Overview

A Double Blind Randomised Placebo-controlled Trial to Assess the Role of Iron Repletion in Glucose Homeostasis.

Status:
Terminated

Trial end date:
2020-03-09

Target enrollment:
0

Participant gender:
Female

Summary

In this study the investigators aim at addressing potential relationships between iron stores and glucose homeostasis. Iron (i.e. Ferric Carboxymaltose) will be perfused to pre-menopausal, iron-deficient non-anaemic women suffering from a chronic fatigue syndrome and parameters related to glucose homeostasis, parameters related to metabolic syndrome and inflammation will be measured before and after the intervention.

Phase:

Phase 4

Accepts Healthy Volunteers?

Details

Lead Sponsor:

Prof Gérard WAEBER

Collaborators:

Center for Primary Care and Public Health (Unisante), University of Lausanne, Switzerland
Centre Hospitalier Universitaire Vaudois
Policlinique Médicale Universitaire
University of Lausanne

Treatments:

Ferric Compounds
Pharmaceutical Solutions

Criteria

Inclusion Criteria:

- Premenopausal women.

- Negative pregnancy test.

- Adequate contraception during the study period and for 1 month following study
completion.

- Overt or relative iron deficiency at screening defined as follows:

Serum ferritin <50 ng/mL AND transferrin saturation <20%, OR Serum ferritin <30 ng/mL.

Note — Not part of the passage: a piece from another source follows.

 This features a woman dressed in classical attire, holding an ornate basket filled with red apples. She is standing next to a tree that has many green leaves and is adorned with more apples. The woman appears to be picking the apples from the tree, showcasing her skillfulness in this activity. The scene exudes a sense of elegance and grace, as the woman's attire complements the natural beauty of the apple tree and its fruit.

- Serum C-reactive protein: <5 mg/L if not on oral contraception, OR <20 mg/L if use of
oral contraception

- Intolerance to oral iron formulations, or lack of efficacy of oral iron formulations.

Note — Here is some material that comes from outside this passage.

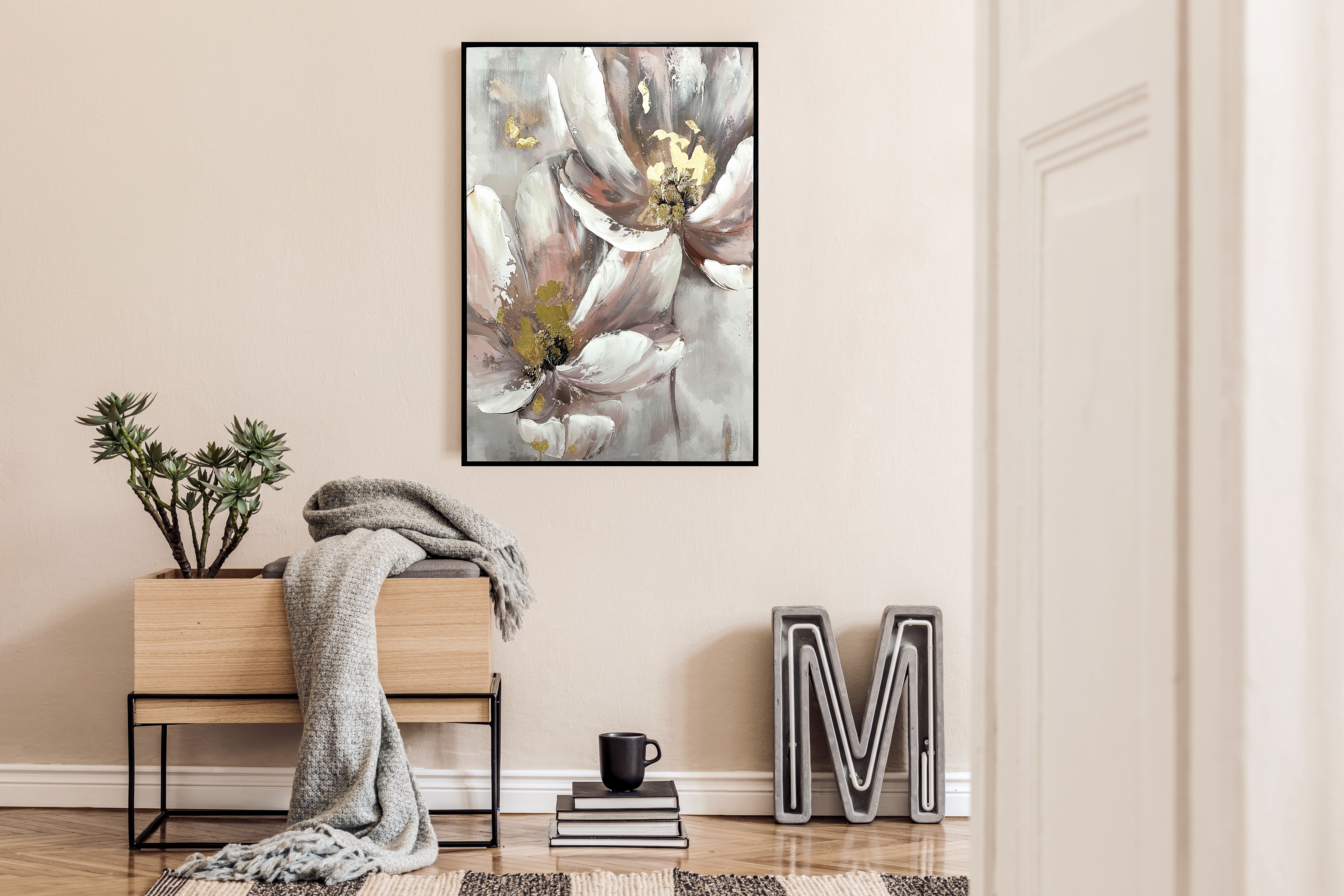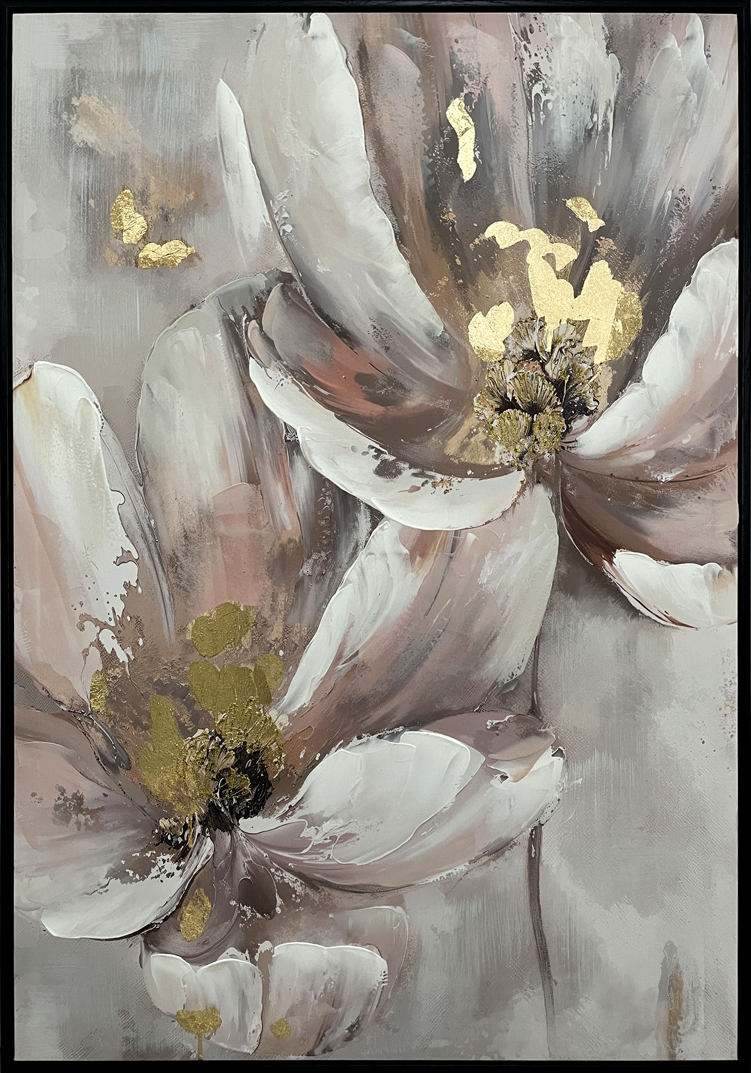 Картина "Золотые цветы", 80% ручная работа, рама пластиковая, 70*100*3,5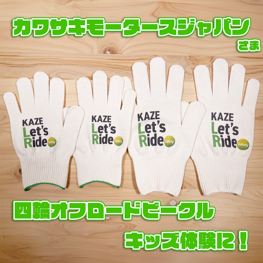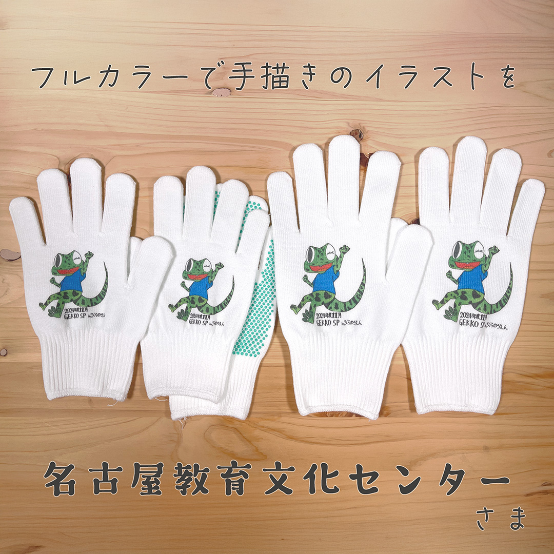 7ゲージ軍手・13ゲージ軍手・カラー軍手や背抜き手袋( こちらは印刷色:黒のみ )など幅広い種類の手袋への印刷に対応しています。

- Minimum total score of 5 on the Visual analogic scale of fatigue.

- Normal levels of vitamin B12 and folic acid at screening.

- Availability and willingness to complete all study visits and procedures per protocol.

- Ability to sign an informed consent.

Exclusion Criteria:

- Age <18 years.

- Menopause (defined as an amenorrhea of at least 12 months).

- Irregularly menstruating women (menstrual cycle outside a range of 24-38 days in
duration) or experiencing overt metrorrhagia (simple spotting not being an exclusion
criteria).

- Body mass index <18.5 kg/m2 or >30 kg/m2.

- Diabetes, defined as subjects with HbA1c ≥ 6.5 % and/or with fasting blood glucose
levels ≥ 7 mmol/l and/or with a history of diabetes and/or by the use of anti-diabetic
drugs.

- Hb level <117 g/L or known haemoglobinopathy or haemochromatosis.

- Blood transfusion within the last 12 weeks.

- Intake of iron preparations 4 weeks prior to screening.

- Known hypersensitivity to FCM or to any other iron preparation.

- Suspicion of major depressive disorder based on Patient Health Questionnaire.

- Known chronic inflammatory disease, including human immunodeficiency virus, hepatitis
B or hepatitis C virus infection.

- Active malignancy.

- Decreased renal function (estimated glomerular filtration rate using the CKD-EPI
equation<60 ml/min/1.73m2).

- Liver dysfunction (aspartate aminotransferase and alanine aminotransferase > 3-fold
upper limit).

- Angina (Class IV).

- Asthma.

- Documented sleep apnoea.

- Important recent weight loss (>10% within the past month).

- Thyroid dysfunction (thyroid stimulating hormone >4 µU/mL).

- Reported weekly alcohol consumption > 14 standard drinks.

- Drug abuse (any drug consumption reported in the past 12 months).